Transaction Breakdown
The disposal of equity was structured in two separate movements. In the first instance, Mr. Linnen sold 7,083 shares at a weighted average price of $182.05. During this specific transaction, share prices moved within a narrow range from $182.00 to $182.51. The second transaction involved the sale of 2,400 shares at a weighted average price of $183.10, with individual prices ranging between $183.10 and $183.11. Post-transaction data indicates that Mr. Linnen continues to hold 37,932 shares of Avis Budget Group common stock directly.
Financial Context and Q1 Performance
This insider activity follows a period of varied financial reporting for Avis Budget Group. The company recently disclosed its first-quarter earnings for 2026, which presented a multifaceted financial picture. While the company reported revenue of $2.53 billion - exceeding the anticipated $2.43 billion - profitability metrics were more challenging. The reported loss per share stood at -8.01, a figure that was notably deeper than the forecasted loss of -7.14.

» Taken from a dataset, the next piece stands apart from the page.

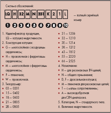 Серия | Типо.-раз.-мер | Размер, мм | Диапазон номиналов | Допуск, % (нГн) | Допусти-мый ток, мА | Сопротив-ление обмотки, Ом | Резо-нансная частота, МГц | Рабочая темпера-тура, С | Конструк-тивное исполнение | LQH31M | 1206 | 3.2х1.6 | 0.15ё100 мкГн | 5%, 10% | 45ё250 | 0.55ё15.6 | 7ё250 | –25ё+85 | Проволочные | LQH32M | 1210 | 3.2х2.5 | 0.1ё560 мкГн | 5%, 10%, 20% | 40ё700 | 0.5ё28 | 5ё200 | –25ё+85 | Проволочные | LQH43M(N) | 1812 | 4.5х3.2 | 1ё2200 мкГн | 5%, 10%, 20% | 30ё500 | 0.2ё50 | 1.3ё120 | –25ё+85 | Проволочные | LQM18N | 0603 | 1.6х0.8 | 47ё2200нГн | 10%, 20% | 15ё50 | 0.3ё2.1 | 50ё245 | –40ё+85 | Многослойные | LQM21N | 0805 | 2.0х1.25 | 0.1ё4.7 мкГн | 10% | 30ё250 | 0.26ё1.0 | 47ё340 | –40ё+85 | Многослойные | LQH3ER | 1214 | 3.2х3.5 | 1ё100 мкГн | 2%, 5% | 10ё70 | 0.25ё8.58 | 10ё120 | –25ё+85 | Проволочные | LQG15H | 0402 | 1.0х0.5 | 1.2ё120 нГн | 5%, 0.3 | 150ё200 | 0.1ё1.6 | 600ё6000 | –40ё+85 | Многослойные | LQG18H | 0603 | 1.6х0.8 | 1.2ё100 нГн | 5%, 0.3 | 300 | 0.1ё0.9 | 800ё6000 | –40ё+85 | Многослойные | LQP03T | 0201 | 0.6х0.3 | 0.6ё15 нГн | 5%, 0.2 | 90ё400 | 0.08ё1.5 | 3300ё6000 | –40ё+85 | Плёночные | LQP15M | 0402 | 1.0х0.5 | 1ё33 нГн | 2%, 5%, 0.1, 0.2 | 60ё400 | 0.1ё3.8 | 2100ё6000 | –40ё+85 | Плёночные | LQW15A | 0402 | 1.0х0.5 | 1.5ё56 нГн | 3%, 5%, 0.2, 0.5 | 200ё1000 | 0.03ё1.17 | 2800ё 18000 | –50ё+125 | Проволочные | LQW18A | 0603 | 1.6х0.8 | 2.2ё470 нГн | 2%, 5%, 0.2, 0.5 | 75ё1400 | 0.018ё7.0 | 700ё18000 | –25ё+85 | Проволочные | LQW2BH | 0805 | 2.0х1.5 | 2.7ё470 нГн | 2%, 5%, 10%,0.5 | 160ё1900 | 0.02ё2.8 | 350ё6000 | –25ё+85 | Проволочные | LQW31H | 1206 | 3.2х1.6 | 8.8ё100 нГн | 5%,10% | 230ё750 | 0.04ё0.42 | 900ё1000 | –25ё+85 | Проволочные | LQH31H | 1206 | 3.2х1.6 | 54ё880 нГн | 10% | 180ё920 | 0.04ё1.12 | 200ё800 | –25ё+85 | Проволочные | LQH31C | 1206 | 3.2х1.6 | 0.15ё100 мкГн | 5%, 10% | 45ё200 | 0.55ё15.6 | 7ё250 | –25ё+85 | Проволочные | LQH32C | 1210 | 3.2х2.5 | 0.15ё560 мкГн | 10%, 20% | 60ё1450 | 0.036ё28.6 | 5ё400 | –25ё+85 | Проволочные | LQH43C | 1812 | 4.5х3.2 | 1ё470 мкГн | 10%, 20% | 90ё1080 | 0.08ё8.5 | 3ё100 | –25ё+85 | Проволочные | LQM21D | 0805 | 2.0х1.25 | 1ё47 мкГн | 30% | 7ё220 | 0.1ё1.2 | 7.5ё105 | –40ё+85 | Многослойные | LQM21F | 0805 | 2.0х1.25 | 1ё47 мкГн | 30% | 7ё220 | 0.1ё1.2 | 7.5ё105 | –40ё+85 | Многослойные | LQM31F | 1206 | 3.2х1.6 | 10 мкГн | 20% | 70 | 0.5 | 20 | –40ё+85 | Многослойные | LQH55D | 2220 | 5.7ё5.0 | 0.12ё10000 мкГн | 20% | 50ё6000 | 0.01ё140 | 0.5ё450 | –25ё+80 | Проволочные | LQH3KS | 1212 | 3.3х3.3 | 560ё2200 мкГн | 30% | 20ё50 | 10.14ё36.4 | 1.5ё3.0 | –25ё+85 | Проволочные | LQH66S | 2525 | 6.3х6.3 | 0.27ё10000 мкГн | 20% | 50ё6000 | 0.01ё55.58 | 0.5ё300 | –25ё+80 | Проволочные |
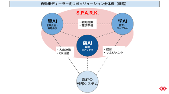 音声対話型AIプロダクト「S.P.A.R.K.」は、発話内容に加え、声のトーンや間、抑揚といった非言語情報を解析し、顧客自身も言語化できていない潜在的な意図(インサイト)の可視化が可能です。目的が曖昧な状態においてもAIが問いかけを行うことで、対話をリードします。この「S.P.A.R.K.」のプラットフォームに、顧客ヒアリングや営業支援などの機能を持つAIソリューションを構築することで、業務効率化と顧客インサイトの可視化を実現します。

However, certain operational metrics showed improvement. The company's first-quarter adjusted EBITDA was negative $113 million, which actually outperformed expectations by approximately $50 million. Additionally, Avis Budget Group achieved its first quarter of positive pricing in the Americas since the conclusion of the fourth quarter of 2022.
Market Sentiment and External Pressures
The company faces scrutiny from analysts and investors alike. Goldman Sachs has maintained a Sell rating on the stock, setting a price target of $85.00 due to concerns regarding valuation. Despite these bearish indicators, some analysis suggests the stock may be undervalued at its current trading levels, noting its inclusion on lists for most undervalued equities.
Internal tensions have also surfaced. Avis Budget Group CEO Brian Choi has directed accusations toward major investor Pentwater Capital Management LP. Choi suggested that the firm's sale of 4.3 million shares triggered a significant decline in the stock price and stated that such actions might have violated SEC rules.